* _YOUR ASSIGNMENT_: Word for word, restate the data that follows, omitting the images.

* _RECORD EXCERPTS_:

==*==

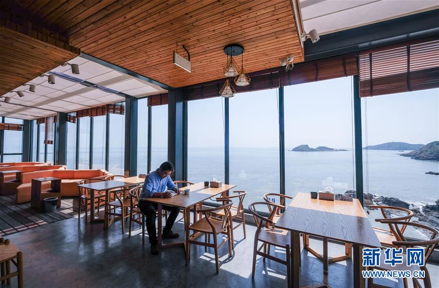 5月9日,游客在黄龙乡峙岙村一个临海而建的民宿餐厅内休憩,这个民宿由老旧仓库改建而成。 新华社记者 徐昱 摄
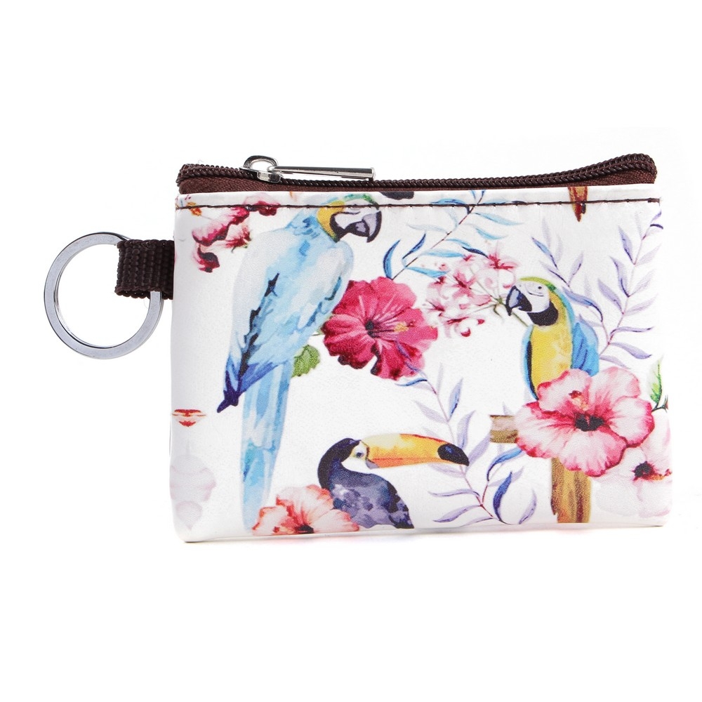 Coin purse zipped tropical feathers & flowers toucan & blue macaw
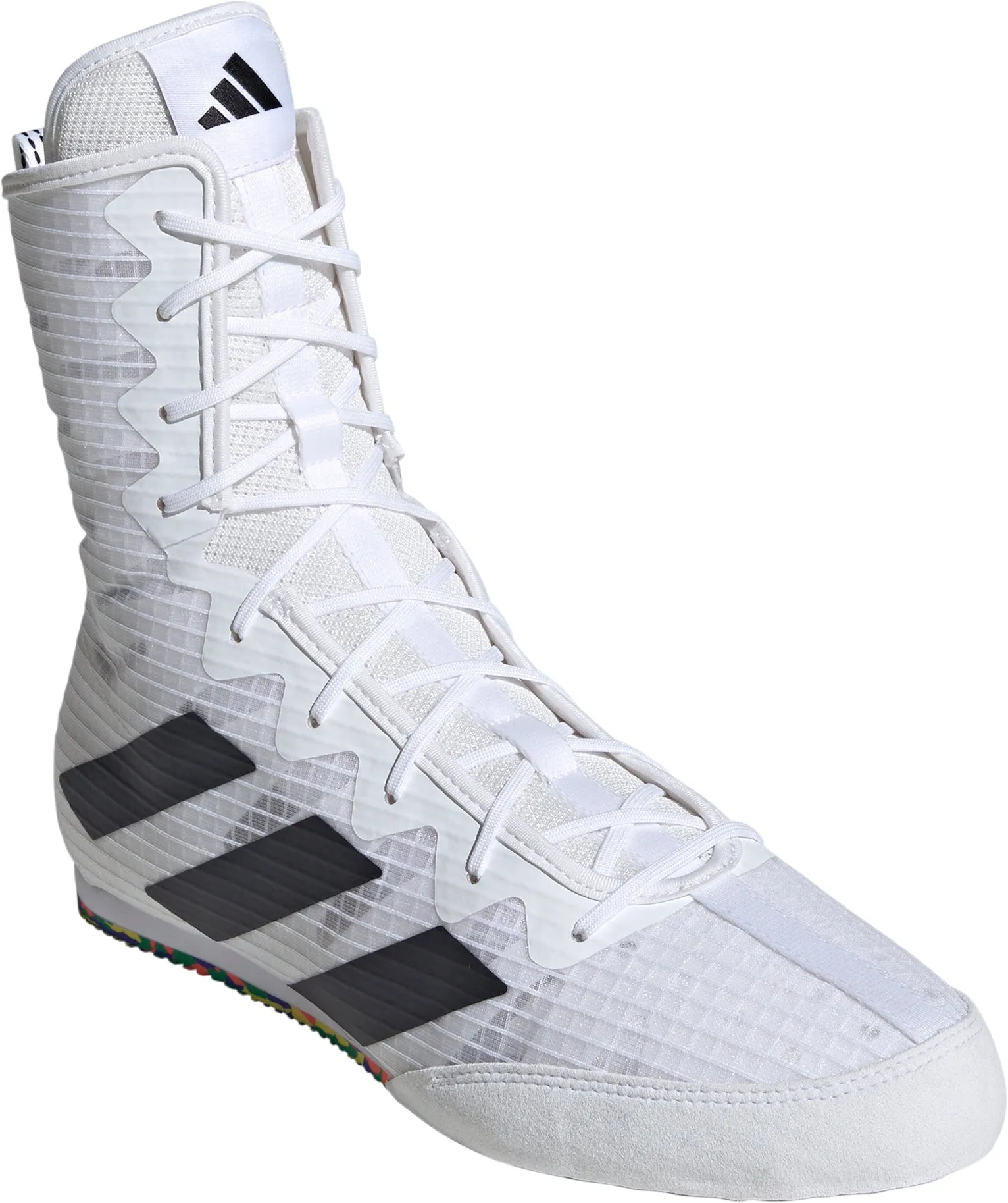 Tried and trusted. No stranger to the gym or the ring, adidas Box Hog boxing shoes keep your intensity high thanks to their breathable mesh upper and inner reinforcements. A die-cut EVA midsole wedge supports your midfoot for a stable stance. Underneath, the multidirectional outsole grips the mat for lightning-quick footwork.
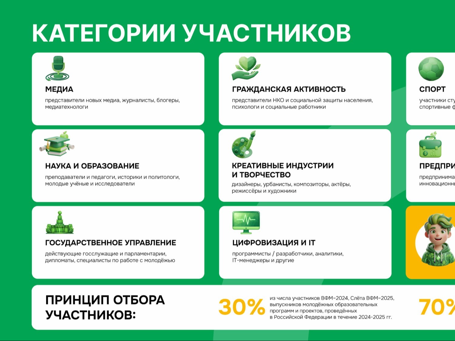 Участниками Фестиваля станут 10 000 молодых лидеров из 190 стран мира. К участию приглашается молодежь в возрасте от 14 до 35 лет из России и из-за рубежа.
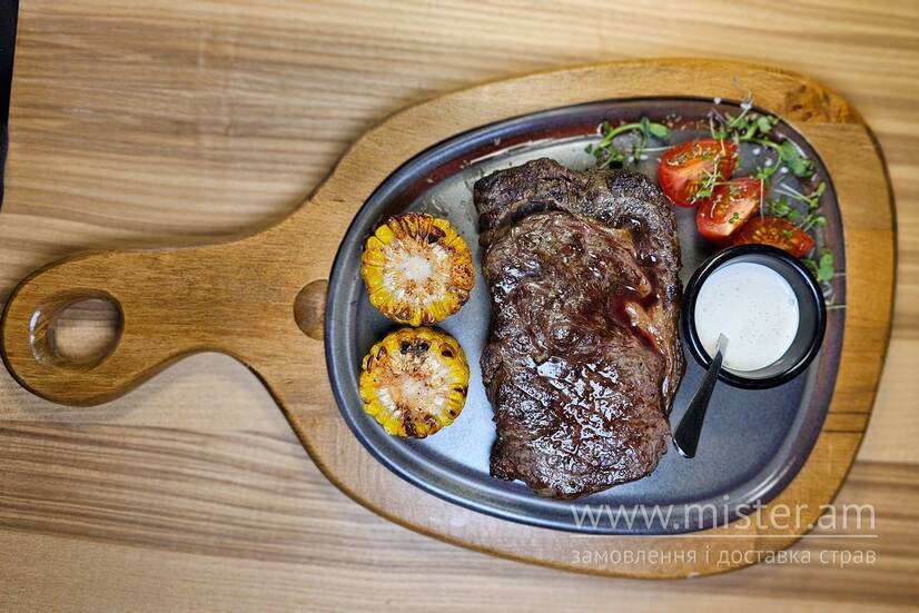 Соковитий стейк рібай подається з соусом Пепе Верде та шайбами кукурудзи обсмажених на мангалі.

==*==

* _REPLY TO THE TASK_:
 5月9日,游客在黄龙乡峙岙村一个临海而建的民宿餐厅内休憩,这个民宿由老旧仓库改建而成。 新华社记者 徐昱 摄
 Coin purse zipped tropical feathers & flowers toucan & blue macaw
 Tried and trusted. No stranger to the gym or the ring, adidas Box Hog boxing shoes keep your intensity high thanks to their breathable mesh upper and inner reinforcements. A die-cut EVA midsole wedge supports your midfoot for a stable stance. Underneath, the multidirectional outsole grips the mat for lightning-quick footwork.
 Участниками Фестиваля станут 10 000 молодых лидеров из 190 стран мира. К участию приглашается молодежь в возрасте от 14 до 35 лет из России и из-за рубежа.
 Соковитий стейк рібай подається з соусом Пепе Верде та шайбами кукурудзи обсмажених на мангалі.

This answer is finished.